Aquella mañana me había levantado de tan buen humor que, después de llevar a mis hermanos al colegio, me senté delante del espejo con dos docenas de horquillas, para intentar repetir en mi pelo la proeza que la Palmera había logrado dos meses antes. Lo mejor que conseguí se parecía más a un churro que a una diadema, pero fue suficiente. Cualquier recurso para liberar mis rizos y despejarme la cara representaba, más que un peinado, una zancada hacia la meta, el último obstáculo de una carrera a campo través, el destino final de un viaje que iba a culminar en una estación más feliz que la prevista en el precio del billete. Aquella convicción me arropó camino de Porlier, hizo mis pasos más veloces, más precisos, me llevó en volandas hasta la alambrada y brilló en mis ojos cuando Silverio me dijo que estaba muy guapa con el pelo así. Por eso, en los veinte minutos que duró aquella visita, apenas hablamos. Nos miramos, sonreímos, nos reímos, y eso, la premonición de un abrazo más poderoso que las palabras, fue suficiente.

—Verás, Manolita…

Juani me cogió del brazo para llevarme en la dirección contraria a la que tomaba todos los días y no me pregunté por qué lo hacía, como había renunciado a preguntarme sobre lo que iba a hacer una semana después. La súbita irrupción de la muerte en mi vida, en la de Silverio, había consumido el tiempo de la torpeza, de los tartamudeos y la confusión. Su derrota había puesto mi vida en mis manos, y sólo podía hacer una cosa con ella, vivirla. Eso era lo único que me interesaba, las únicas palabras que sonaban en mi cabeza mientras oía las que pronunciaba Juani sin escucharlas.

—No te puedes imaginar cuánto lo siento. Cuando empezamos con esto, no se nos ocurrió que todo pudiera acabar siendo verdad, nunca se nos ocurre, y cuando pasa… Ese es el riesgo del trabajo clandestino, que las herramientas son personas, con sus necesidades y sus debilidades, con sus sentimientos, y… Y que encima seas tú, Manolita, que te haya tocado a ti después de lo que hiciste por mí, me da tanta rabia, es tan injusto que… A mí me encantaría…

En ese momento se calló, y su silencio la explicó mejor que las palabras que lo habían precedido.

—No te entiendo, Juani —pero no era verdad—. ¿Me has traído el dinero? —me miró, cerró los ojos, volvió a mirarme y no dijo nada—. El dinero de la boda… ¿Me lo has traído? —negó con la cabeza, muy despacio—. ¿Y por qué?
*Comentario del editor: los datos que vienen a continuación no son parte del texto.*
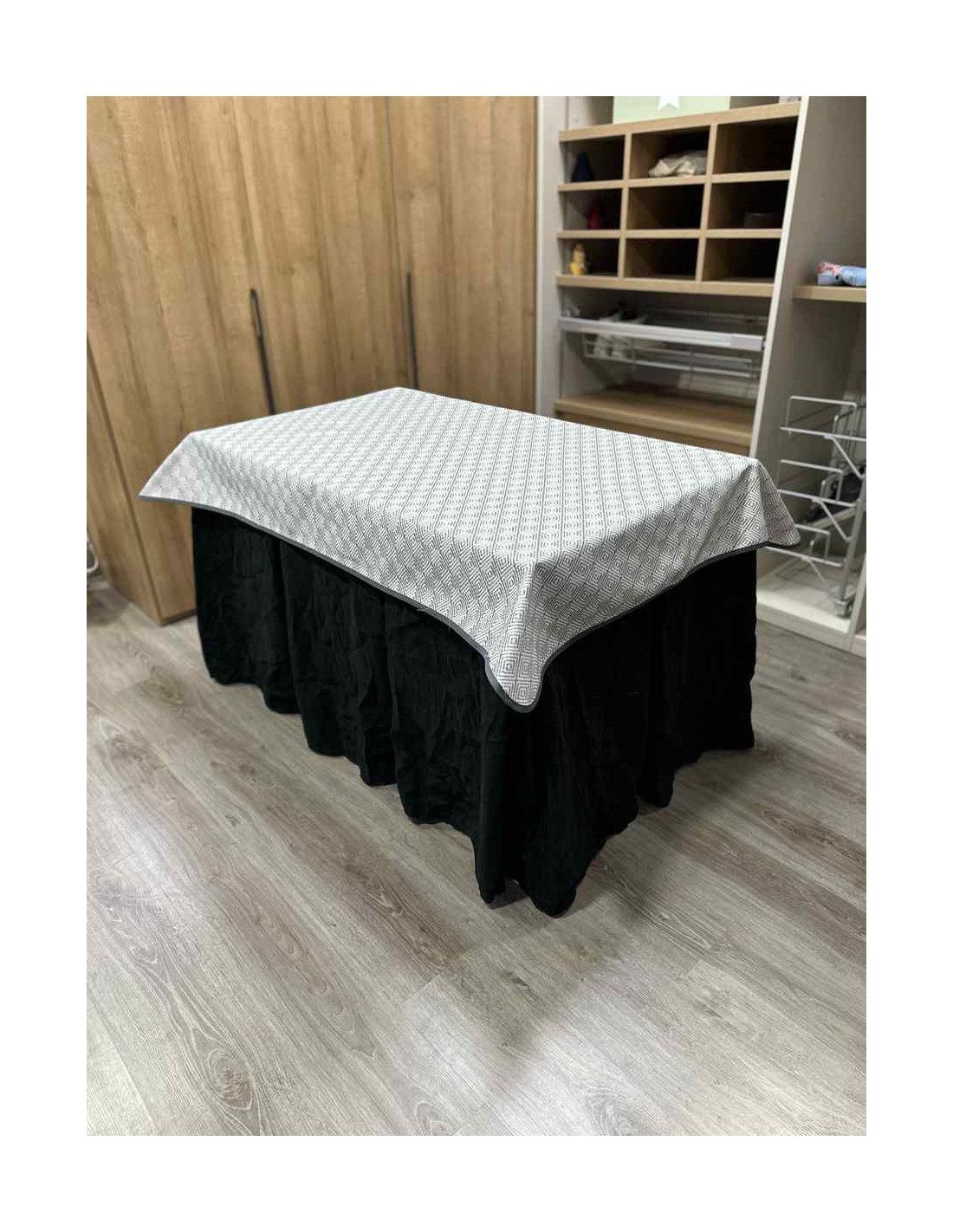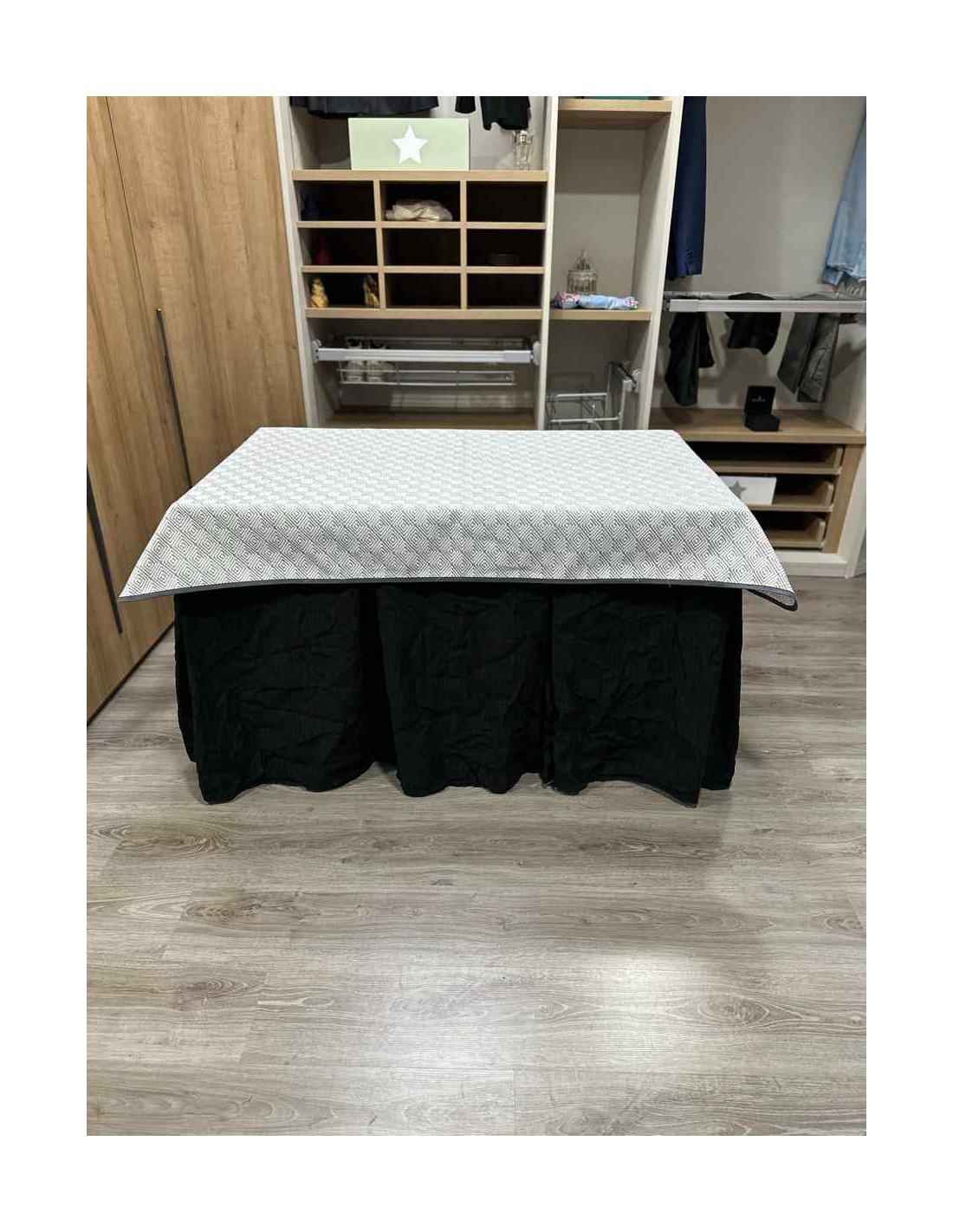 Confeccionada con 8 pliegues para mantener el calor de manera eficiente. Las tablas comunmente llamados pliegues, favorecen la retención de la temperatura impidiendo escapar el calor cuando nos sentamos en la mesa y nos cubrimos con ella. Gracias a nuestro diseño en los fuelles la falda de mesa camilla caerá cubriéndono los laterales e impidiendo que escape el calor.

Cerró otra vez los ojos, tomó aire y lo dijo de un tirón.

—Porque no va a haber boda, Manolita.

Entonces me reí. No sabía por qué, pero eso fue todo lo que pude hacer, abrir la boca para dejar escapar una carcajada ahogada, deforme, que murió antes de madurar, sin llegar a sonar como una verdadera carcajada.

—¿Qué?

No me contestó. Avanzó hacia mí, me pasó un brazo por los hombros y me obligó a arrancar, a caminar deprisa mientras hablaba al mismo ritmo, a una velocidad insoportable para mis oídos.

—La policía tiene las multicopistas. La dirección de la tintorería estaba en la maleta que Sendín tiró por la ventana, y cuando fueron a por Ceferino, las encontraron en la trastienda y se las llevaron, se lo han llevado todo. La caída no ha sido más grave porque la mayoría de las direcciones está en clave. Las estafetas aparecen como lecherías, las casas de camaradas como tabernas, y eso están buscando, lugares que no existen, pero cuando se cansen de dar paseos en vano, de preguntar a la gente equivocada, le darán otra vuelta a los detenidos, los torturarán hasta que no puedan más, y no podemos saber lo que pasará a partir de ahí, quién aguantará, quién no, qué confesará. Esto puede acabar en un desastre, tenemos que estar preparados para lo peor…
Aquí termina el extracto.